Bank reconciliation is referred to as the process where the transactions in one’s internal accounting system are compared with the actual bank or credit card statements. This is true for the accounting in all companies including that for real estate accounting.
What’s bookkeeping?
Bookkeeping is the process where every transaction is being recorded, whether it be on some bank statement, or credit card statement or even some other source such as cash. Then categorization is done of that transaction for reporting needs. Now, the bank reconciliation will be done to see that all transactions are accounted for appropriately for some given time period.
It is suggested to choose outsourcing real estate bookkeeping for the real estate companies. Outsourcing bookkeeping service is done to ensure proper maintenance of all records, thereby allowing correct results during bank reconciliations.
Importance/reasons of bank reconciliations
The importance of bank reconciliation is to ensure proper management and monitoring of cash flow.
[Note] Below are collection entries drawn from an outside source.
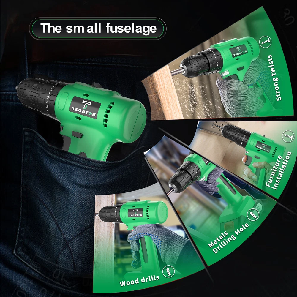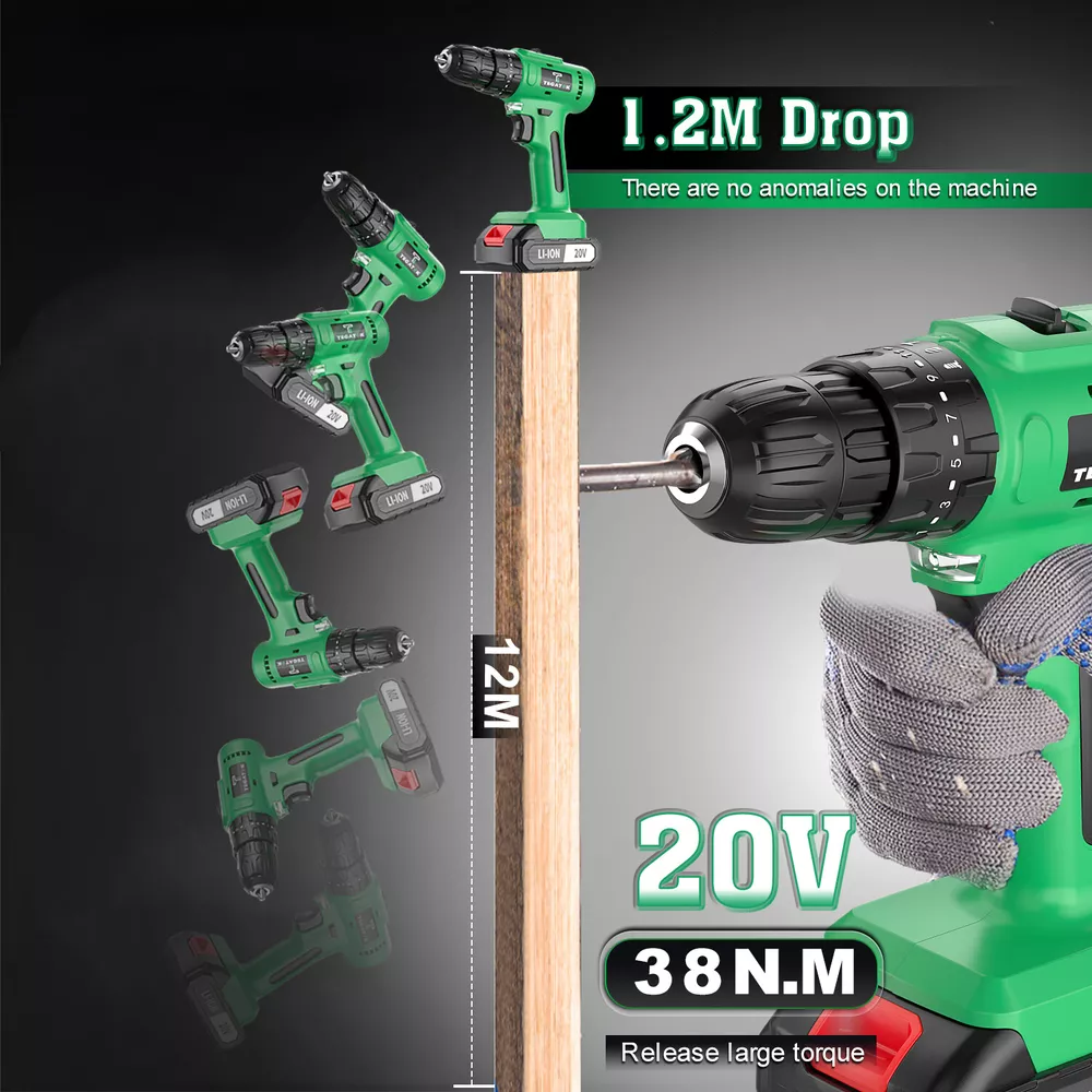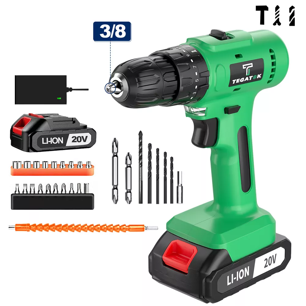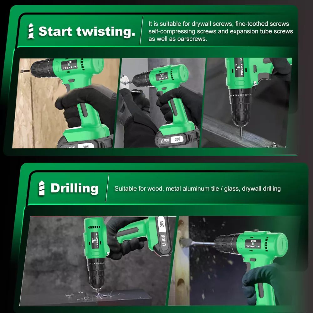 20V Cordless High Power Drill Set 3/8" Keyless Chuck And 18+3 Torque Setting
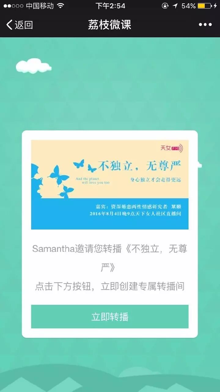 收到链接后点“立即转播”
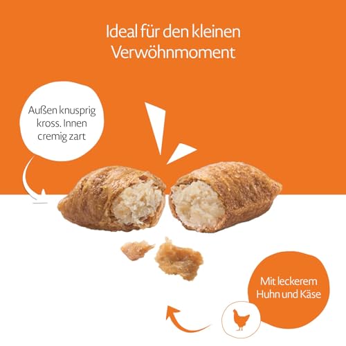 GENAU DER RICHTIGE SNACK: Die köstlichen Katzenleckerlis sind außen knusprig und innen mit einer leckeren Creme gefüllt, was sie einfach unwiderstehlich macht
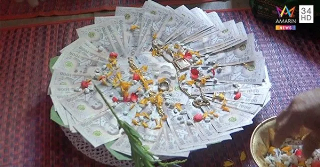 ส่วนค่าสินสอด เป็นเงินสดจำนวน 100,000 บาท และทองรูปพรรณหนัก 3 บาท โดยบรรยากาศภายในงานพิธีเป็นไปอย่างอบอุ่นตามประเพณีไทย ช่วงที่มีพิธีรับไหว้เจ้าบ่าวและเจ้าสาว เพื่อนของคู่บ่าวสาวซึ่งมีอายุตั้งแต่ 60 ขึ้นไป บางคนหลังรับไหว้เสร็จก็ต้องให้คนช่วยพยุงลุกขึ้น เพราะลุกขึ้นเองไม่ไหว สร้างรอยยิ้มให้กับคู่บ่าวสาว และแขกที่มาร่วมพิธีอย่างมาก
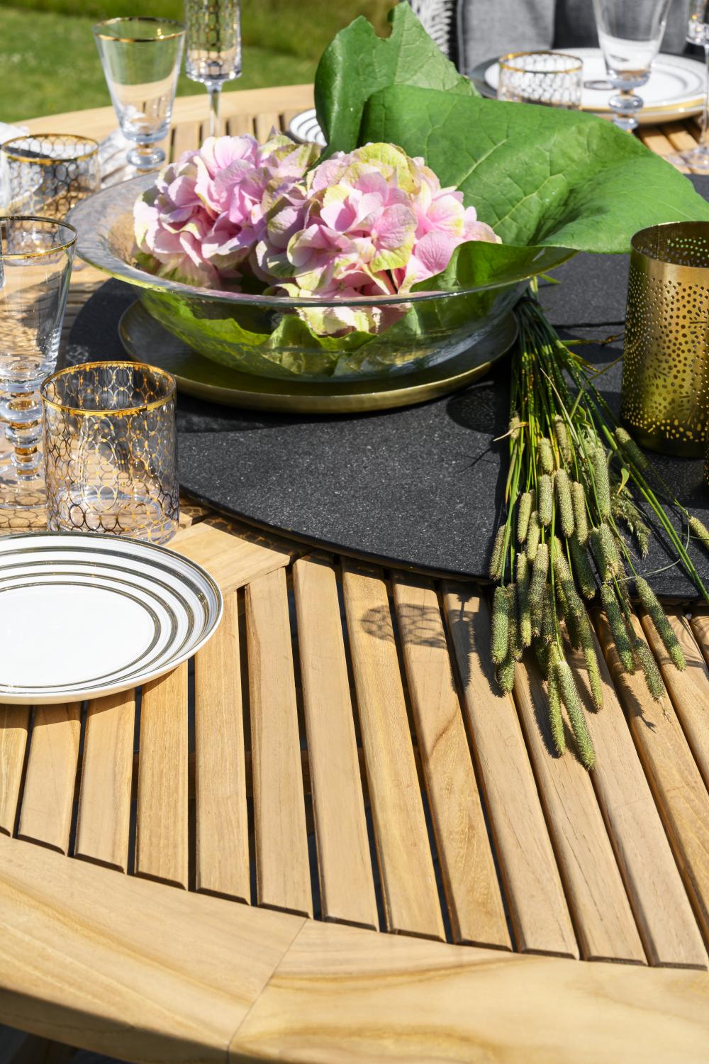 Circus are rustic teak tables in various sizes. The table with a diameter of 180 cm is delivered complete with a glass serving tray with superstone (including swivel fittings). Tables with a diameter of 130 and 150 cm cannot be supplemented with a serving tray.
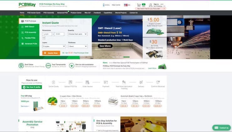 You get 10 good-quality PCBs manufactured and shipped to your doorstep for cheap. You will also get a discount on shipping on your first order. Upload your Gerber files onto PCBWAY to get them manufactured with good quality and quick turnaround time. PCBWay now could provide a complete product solution, from design to enclosure production. Check out their online Gerber viewer function. With reward points, you can get free stuff from their gift shop.
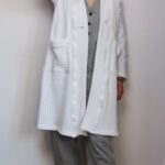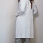 Bílý kardigan jednoduchého, rovného střihu.
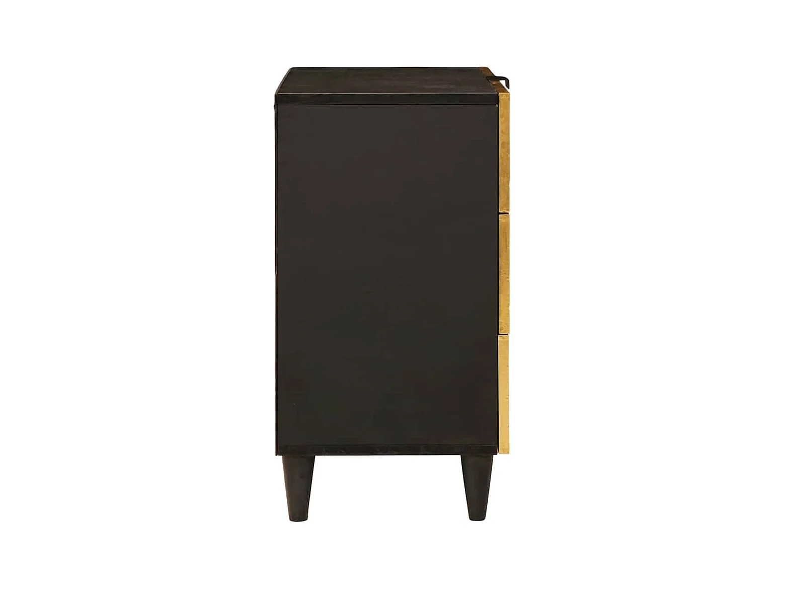 Table de chevet noir 50x33x62 cm bois de manguier massif brut
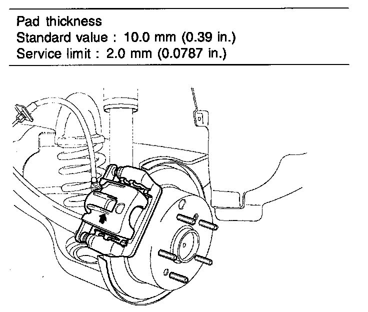 ^ If the pad thickness is out of specification, left and right pads must be replaced as a complete set.
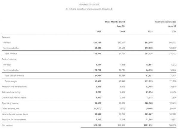 微软2025年第二季度净利为272.33亿美元,较上年同期的220.36亿美元增长24%。
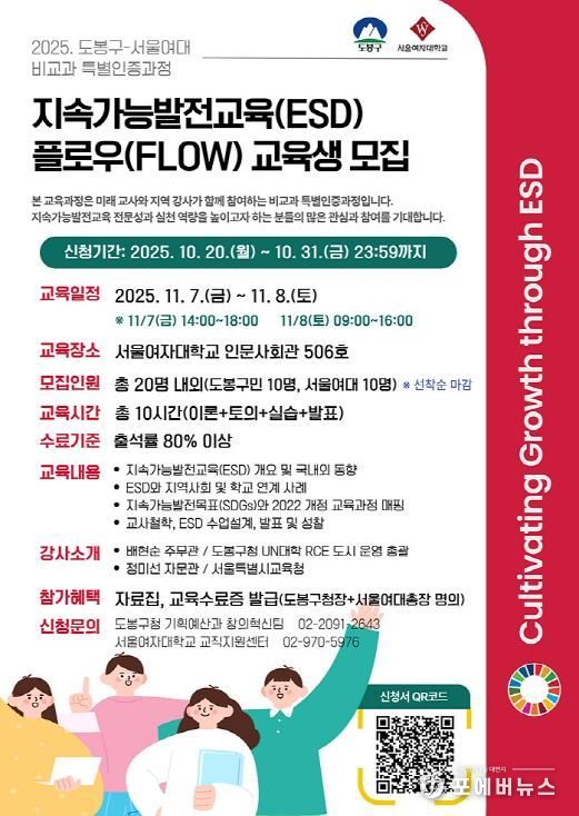 [ 포에버뉴스 김경순 기자 ] 서울 도봉구가 서울여자대학교와 함께 2025학년도 2학기부터 공동으로 ‘도봉-대학 ESD(지속가능발전교육) 캠퍼스’ 일환으로 ‘비교과 특별인증과정’을 운영한다.
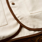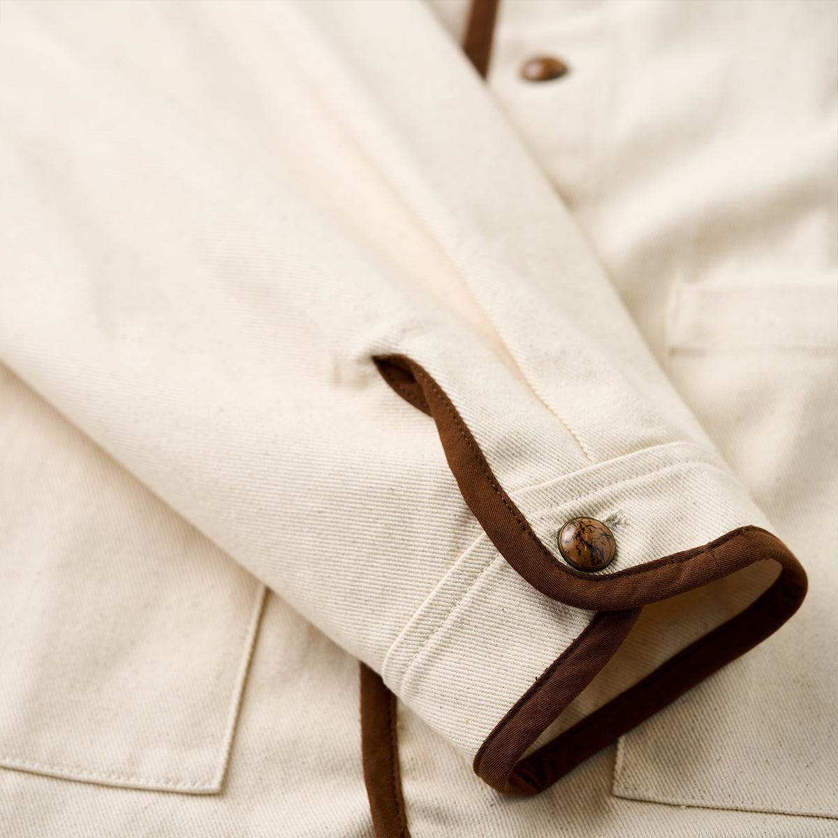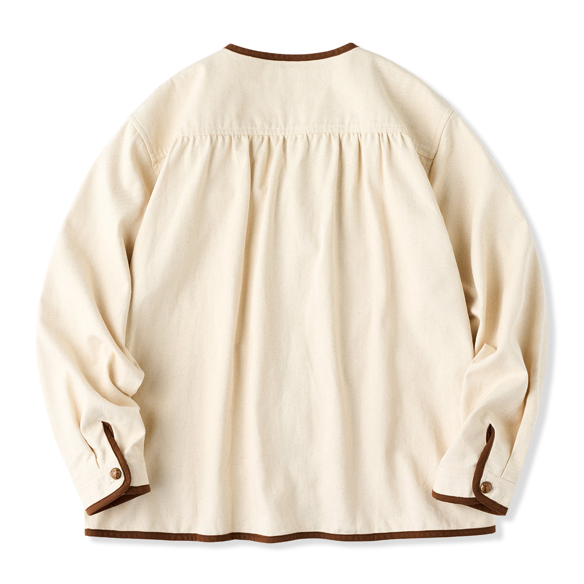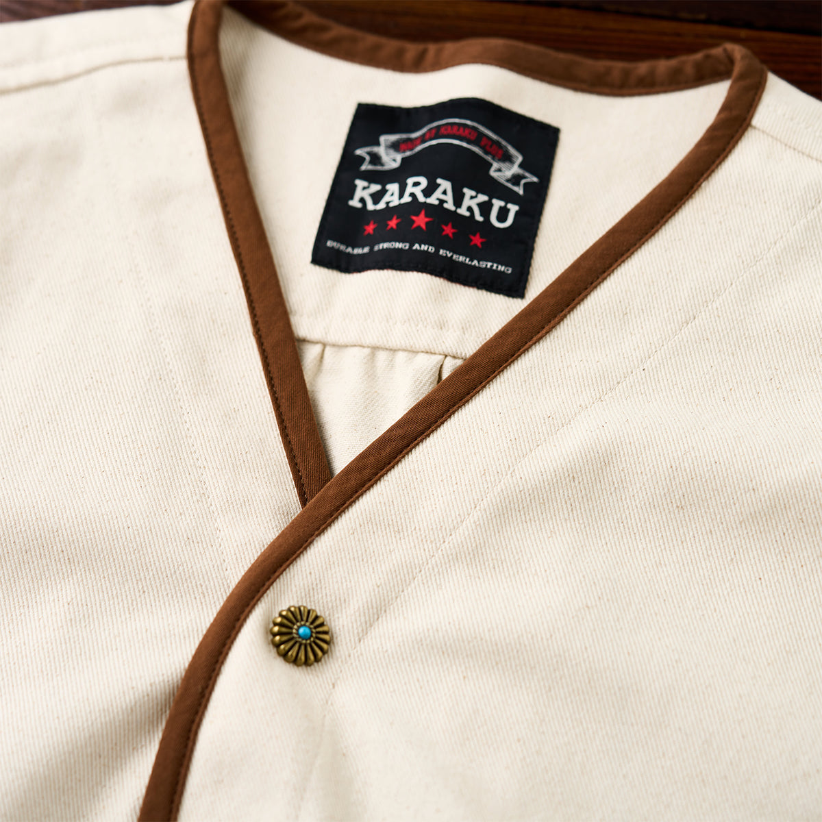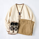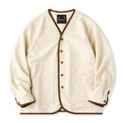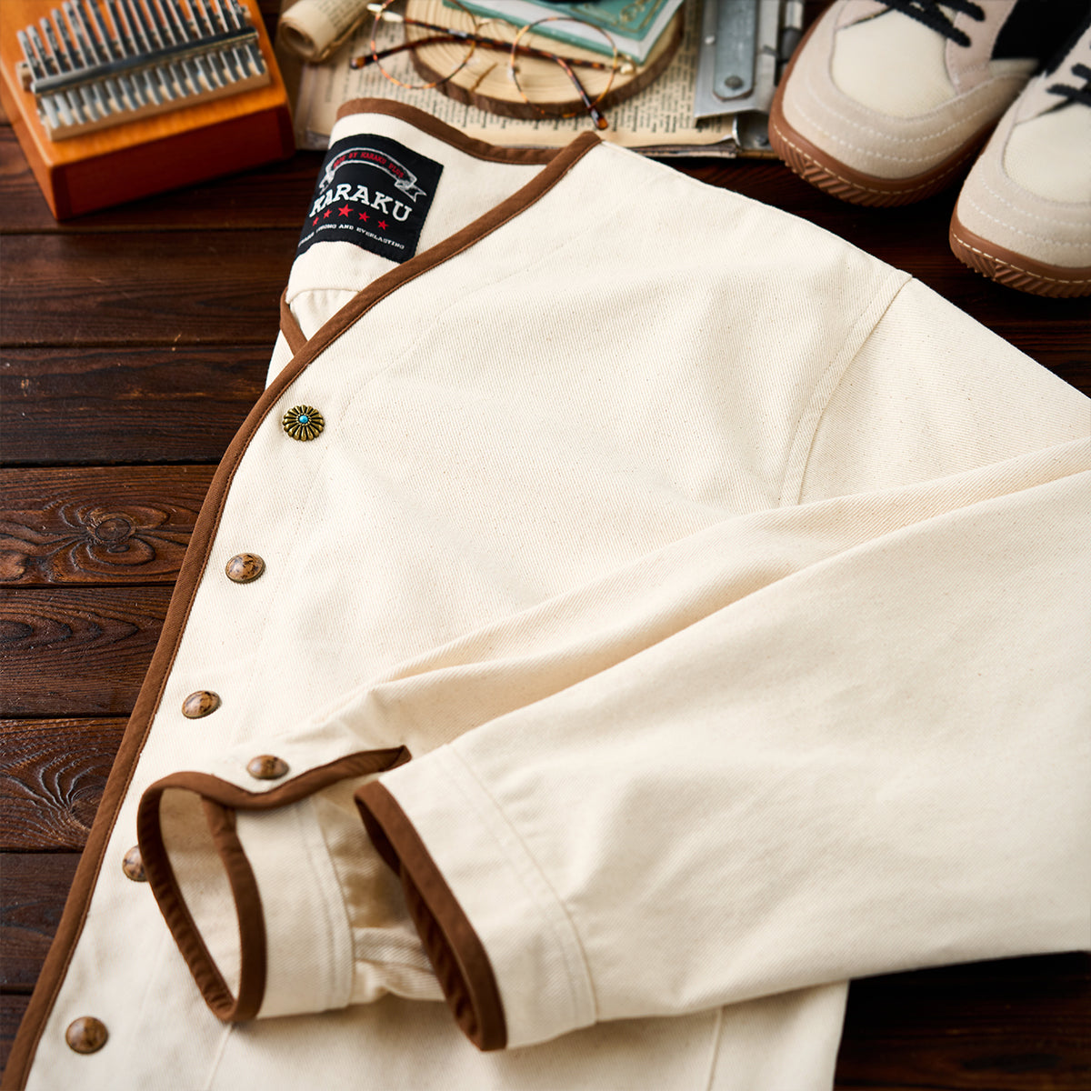 Vネックデザインは、インナーとのレイヤードスタイルを楽しむことができます。コーヒーのパイピングが全体のシルエットを引き締め、視覚的なアクセントとなっています。

Here are some points representing the need to do bank reconciliations.
For identifying frauds
Identification of signs of fraud is one of the main reasons for reconciling transactions in a bank account. This will give answers to many questions such as whether or not the checks were issued with authorization, and whether or not there were any unauthorized transfers out of the account.
For validating data entry
It helps in finding any irregularities, like the entry of wrong amounts, data entry errors, or the presence of duplicate entries. It will help in easily finding out the errors that may have occurred during other accounting processes.
To confirm financial statements’ accuracy
There can be some mistakes by banks too. So even the bank’s statements can be viewed and corrected in case of any discrepancy found. It will confirm that the financial statement is the same as the bank’s statement. This will keep things under control and prevent them from getting out of hand.
For accuracy in tax reporting
The correct information is also required for generating a correct tax return. Bank reconciliation will provide all necessary data correctly in the end, thereby letting you enjoy freedom from any mistakes during tax return filing.
For maintaining control over theft
It will also be useful to identify any theft being done to your company. It will further prevent all chances of theft by employees and other people.
Thus, bank reconciliation will serve its objectives of catching fraud before it’s late and catching other issues or errors, such as bounced payments and miscellaneous fees. It will also support you with accurate transactions as well as ensuring transactions’ existence.
Areas that can be impacted due to non-performance of the bank reconciliation
There can be missing expenses, impacting the performance metrics and tax reporting. Sales tax implications may arise when there’s missing sales tax collected on the revenue or incurred on the expenses. It may lead to penalties or interests payable when there’s misreporting of sales tax numbers to tax authorities. Furthermore, there can be personal tax implications as well as issues with cash flow management.
Bank reconciliations should also be done at the required frequency. It may be annually or monthly, or even weekly or daily in some cases. Outsourcing real estate accounting is a safe way to assign the accounting tasks to some reliable company, as it will ensure correct and error-free results in the end.